Tag Archives: long noncoding RNA

BMOR is a bad actor

RNA and proteins have long been known to interact, but classic molecular biology pretty much had proteins down as something that modified RNA function.   Not so for BMOR, a long nonCoding RNA (1,247 nucleotides) expressed in breast cancer cells metastatic to the brain.  BMOR binds to IRF3 (Interferon Regulatory factor 3) inhibiting its phosphorylation by TBK1 with subsequent movement to the nucleus where it stimulates interferon expression which then turns on hundreds of genes producing inflammation.  All this is described in Proc. Natl. Acad. Sci. vol. 119 e2200230119 ’22 —

May 26, 2022
119 (22) e2200230119
Not sure if it is behind a paywall.    Definitely worth a read because knocking down BMOR in breast cancer cells prevents them from spreading to the brain (probably  by using BMOR to turni off the brain’s immune response to them).  Even more interestingly, BMOR was found to be only substantially expressed in breast cancer metastasis to brain tissue versus breast cancer metastasis to nonbrain tissues.

 

 

Teleology as always raises its head.  What in the world is the normal function of BMOR?  It can’t be what it is doing in the animal model described here.  Why would a cell make something to help it kill the organism containing it?

 

Then of course, as is typical of all interesting research, larger questions are raised.  Are there other RNAs whose function is to modify protein function?  Remember that 75% of the genome is transcribed into RNA.  Most of this has been thought of as molecular chaff, like the turnings of a lathe.   Time pick up the chaff from the factory floor and give it a look.

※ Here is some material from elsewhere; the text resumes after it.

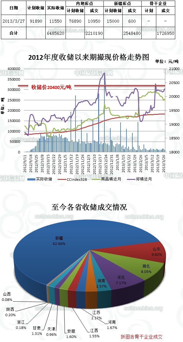 3月27日,計(jì)劃收儲(chǔ)91890噸,實(shí)際成交11550噸,成交比例12.6%,較前一天減少3940噸。其中新疆庫(kù)點(diǎn)計(jì)劃收儲(chǔ)15000噸,實(shí)際成交600噸,成交比例4.0%;內(nèi)地庫(kù)計(jì)劃收儲(chǔ)76890噸,實(shí)際成交10950噸,成交比例14.2%。
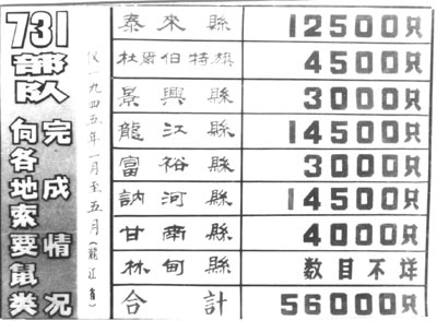 同年,日本成立“关东军防疫供水部”(即731细菌部队),后来扩大成一支大规模的细菌战部队。该部队用中国人进行鼠疫、霍乱、梅毒等细菌以及毒气、枪弹等的活体试验,并大量制造鼠疲、霍乱等各种细菌,用飞机撒播在中国各地,残害中国人民。

The RNA world strikes again (it never stopped)

Jpx is a long (over 200 nucleotides) nonCoding (for protein that is) RNA (e.g. a lncRNA).  It is an example of the RNA world from which we (presumably) sprang. One of its function is to control another RNA, and a fairly important one at that — namely Xist, which inactivates one of a woman’s two X chromosomes.  The jpx gene is just 10 kiloBases away from that of Xist. Jpx turns on the transcription of Xist which then goes and coats the X chromosome from which it is transcribed, shutting off most of its genes.

One of the mechanisms by which Jpx turns on Xist production is by binding to a protein called CTCF.  CTCF sits on the promoter of the Xist gene until Jpx binds to it displacing CTCF from the promoter.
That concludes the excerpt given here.